The Defence Department has been accused of turning a blind eye to universities illegally sharing military technology with China.
- Hundreds of research projects linking Australian scientists with senior Chinese military figures
- Defence Department relies on self-assessment from universities to police interactions with overseas academics
- Collaborations mean Australian technology could be used against it on the battlefield
Former senior defence official Peter Jennings has told AM there was a "likelihood" universities were breaking strict export controls on technology that could be used for military purposes.
He said the time had come for the Defence Department to conduct a deep and immediate investigation.
"The department should now be looking to audit the performance of universities because we are talking about the mass migration over to Chinese interests and that's not in Australia's commercial, or indeed national, security interests," he said.
There are strict rules banning the sharing of research that could be used for military purposes by Australia's potential foes, including China.
Australian universities conduct world-leading research in areas such as artificial intelligence, super computing and driverless car technology that could be adapted for military purposes.

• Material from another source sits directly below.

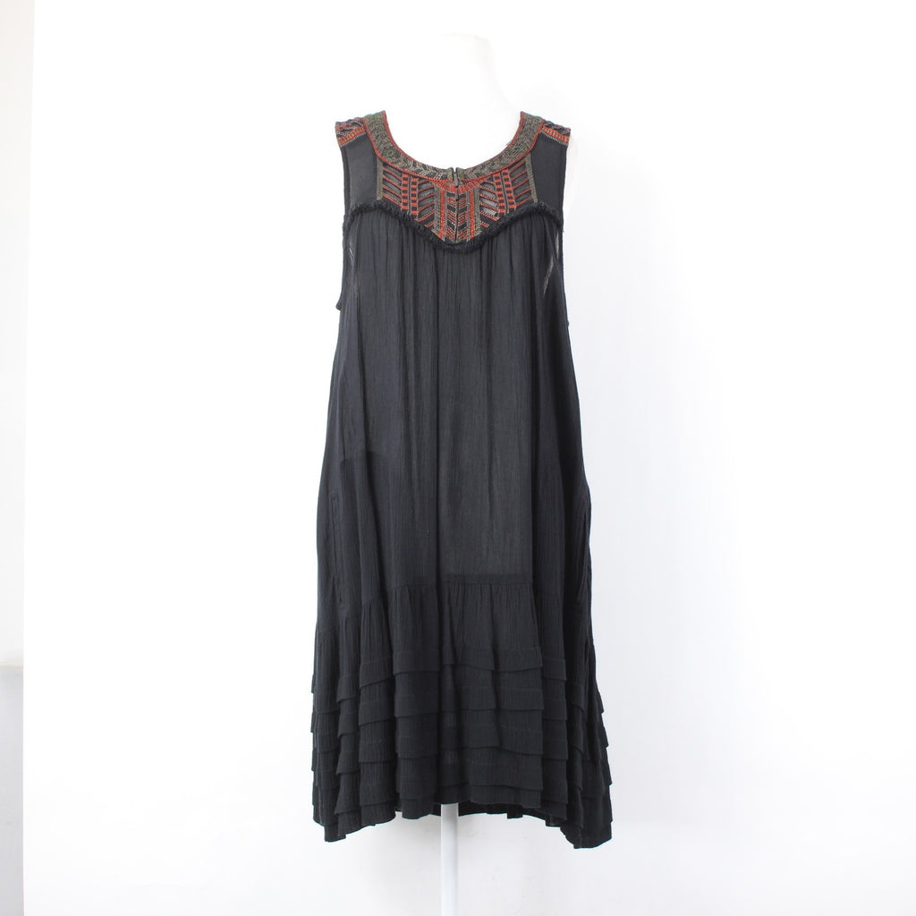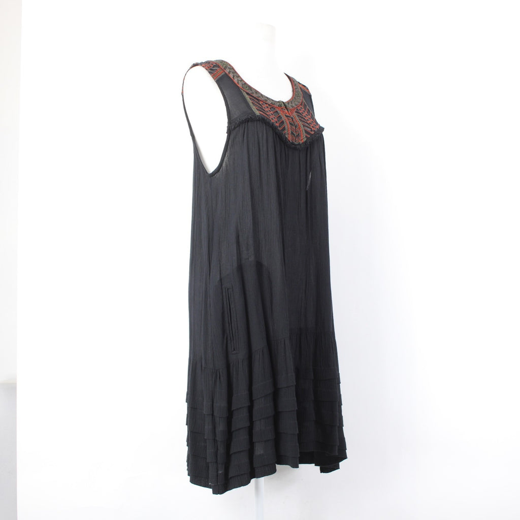 Free People Dress Sz M Black Rust Multicolor Embroidered 100% Rayon Dress

The Defence Department said it relied on self-assessment from universities to police their academics' interactions with overseas academics.
"It is ultimately the responsibility of each institution to ensure they comply with the law," the Department told the ABC in response to questions about links between Australian and Chinese researchers.
Charles Sturt University professor Clive Hamilton has uncovered hundreds of research projects linking Australian scientists with senior Chinese military figures.
At the centre of a web of questionable collaborations with Australian universities sit Yang Xuejun, a Lieutenant-General in China's People's Liberation Army who heads the country's top defence research academy.
Professor Hamilton said much of those collaborations could mean Australian technology could be used against it on the battlefield.
"There is no doubt some of the technology they are working on is being applied to improve the battle readiness of the PLA," Professor Hamilton said.
Laws governing the export of defence technology were tightened in 2012 to include university research following the signing of a weapons treaty between Australia and the US.
Professor Hamilton said questions about Australian universities collaborating with Chinese military researchers could damage relations with Australia's biggest strategic ally.
"I know that our research is being carefully read in Washington and hard questions are being asked of the Australian Government," he said.